Figure 1. Comparing protection against competition for a new drug sponsor under an average effective patent term in the US with protection against competition under prospective M4K regulatory exclusivity periods in the US, EU, Canada, and Japan, using a new drug targeting DIPG as the exemplar.

The average effective composition of matter patent term for a new drug after patent restoration in the US is approximately 11–12 years ( source: Cárdenas-Navia, J. Thirty Years of Flawed Incentives: an Empirical and Economic Analysis of Hatch-Waxman Patent-Term Restoration. Berkeley Technol. Law J. 29, (2015)).

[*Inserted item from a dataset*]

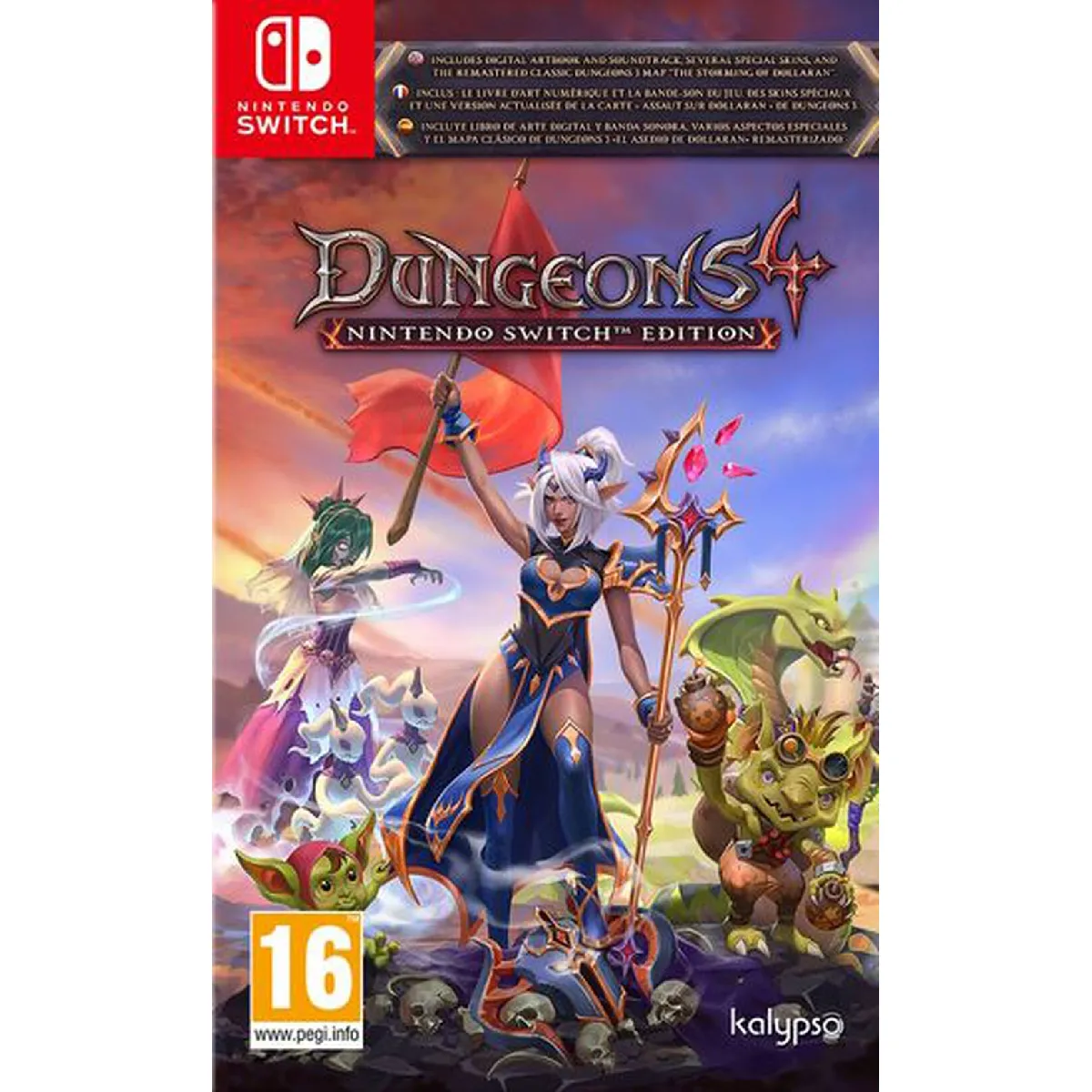 Suivez la Voie du Mal ! Le Mal absolu et sa fidèle *tousse* servante, l'elfe noire Thalya, reviennent dans Dungeons 4 pour triompher une fois de plus des forces du bien.Construisez un donjon douillet et confortable pour répondre aux besoins de vos créatures et régnez sur elles, puis envoyez-les dans le Surmonde pour rappeler gentiment aux bonnes gens qui y vivent que c'est le Mal absolu qui règne. Rassemblez votre Malfaisance de façon nouvelle et dynamique et déchaînez-la sur les forêts et les plaines verdoyantes du Surmonde pour les faire basculer du côté obscur.Dungeons 4 - Nintendo Switch™ Edition vous livre du Bien, avec une tenue ' Princesse ' exclusive pour Thalya, une nouvelle option de tenue pour les Grouillots et un skin unique pour votre salle du trône, ainsi que le ' pack deluxe ' comprenant une carte, des apparences, la bande-son officielle et l'artbook numérique. Dungeons 4 - Nintendo Switch™ Edition propose 20 missions entièrement vocalisées et délicieusement maléfiques, ainsi que plusieurs cartes d'escarmouche pour ceux qui recherchent du défi. Établissez votre base maléfique sur les vastes cartes du Surmonde et préparez-vous à répandre votre Malfaisance dans l'immense Surmonde, en faisant basculer les environnements luxuriants du côté obscur. Les nains sont arrivés pour construire leurs forteresses souterraines, ces petits bonshommes rustiques rivalisent avec le Mal en perpétuelle expansion pour l'espace et les ressources.Le système de perk de Thalya place de nouveaux pouvoirs impressionnants entre ses mains impatientes.Le mode coopératif à 2 joueurs permet aux deux joueurs de gérer un donjon ensemble. Toutes les cartes du mode Escarmouche et de la Campagne sont jouables en coopération.Dungeons 4 - Nintendo Switch Edition est livré avec une tenue exclusive ' Princesse ' pour Thalya, de nouvelles apparences pour les Grouillots et votre salle du trône, ainsi que le ' pack deluxe ' comprenant la carte ' Assaut sur Dollaran ', les apparences pour Thalya et la Main du mal, la bande-son officielle et le livre d'art numérique.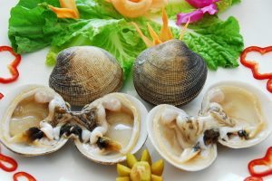 紫石房蛤,俗名天鹅蛋,是一种大型经济贝类,烟台沿海名贵海产品之一。莱山区为主产区之一,故得名。 贝壳坚厚,壳体略呈卵圆形,壳表黄褐色,壳内面暗紫色并泛珍珠光泽;...

In comparison, irrespective of its patent status, a new drug approved to treat DIPG could be entitled to (i) orphan drug exclusivities of 7.5 years in the US (including a 6-month paediatric extension) and 12 years in the EU (including a 2-year paediatric extension); (ii) new chemical entity exclusivities of 5.5 years in the US (including a 6-month paediatric extension), 10 years in the EU, and 8.5 years in Canada (including a 6-month paediatric extension); and (iii) a period of orphan drug post-marketing surveillance of 10 years in Japan (which acts as an equivalent bar to entry by competitors). Approval of subsequent indications for the same drug could entitle M4K to (i) 3.5 years of new clinical study exclusivity in the US (including a 6-month paediatric extension, if the new indication required further paediatric studies) and (ii) a 1-year extension of new chemical entity exclusivity in the EU (for a total of 11 years).